Pour garder notre cerveau en pleine forme, il est important de bien le nourrir. Voyons ce que les sciences nutritionnelles peuvent nous dire à ce sujet.


au sommaire


    Rappelons quelques points essentiels avant de commencer cet article. Il n'existe pas une seule bonne façon de manger. La prise alimentaire n'est pas uniquement là pour maximiser notre santé. Elle répond à d'autres objectifs comme le plaisir, la convivialité, l'éthique, etc. Aussi, l'alimentation n'est pas une faiseuse de miracles. Ce n'est pas une raison pour ne pas la considérer, bien au contraire. Les sciences nutritionnelles, comme beaucoup d'autres, sont réductionnistes. C'est-à-dire, qu'elles tentent de cerner l'effet des nutriments (ce qui compose les aliments) sur notre organisme, certaines voies métaboliques par exemple. C'est dans cette optique que nous allons vous parler de l'importance de bien nourrir son cerveau. Le niveau de preuves de ce que nous allons énoncer est donc relativement faible pour être pris comme valide dans la réalité complexe.

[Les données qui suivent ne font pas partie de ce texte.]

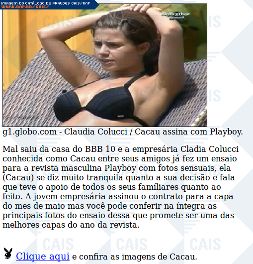 | comentário | Fraude com suposta notícia da globo.com dizendo que a ex-participante do programa Big Brother Brasil 10, Cláudia, fez um ensaio para a revista Playboy. Segundo o texto, a revista seria lançada em maio mas algumas das fotos já poderiam ser vistas através de... (leia mais) | |

Ce que nous allons évoquer reposera surtout sur des raisonnements biochimiques et parfois quelques études épidémiologiques, qui tentent de sortir de ce cadre réductionniste, mais qui ont également leurs limites. Sans plus attendre, c'est l'heure de se nourrir le cerveau d'informations sur comment nourrir son cerveau.

    L'alimentation et...

    Une récente revue narrative de la littérature scientifique vient d'être publiée dans Nutrition Reviews par des chercheurs suédois, danois et néo-zélandais. Les scientifiques partent du constat que le lien entre l'alimentation et la santé mentale est de plus en plus admis dans la communauté scientifique. De même, dans le domaine de la psychiatrie, on s'intéresse davantage à la nutrition car elle pourrait permettre d'optimiser certains traitements. C'est de là que le concept de brain food ou « nourriture pour le cerveau » émane. Il concerne les aliments ou les nutriments qui pourraient potentiellement aider ou optimiser les performances de notre cerveau. Soyons prudents avec le terme performance. Vous n'allez pas subitement devenir un génie grâce à l'alimentation. Mais il existe des preuves, qu'il convient d'examiner avec rigueur, qui pourraient être utiles dans certains cas.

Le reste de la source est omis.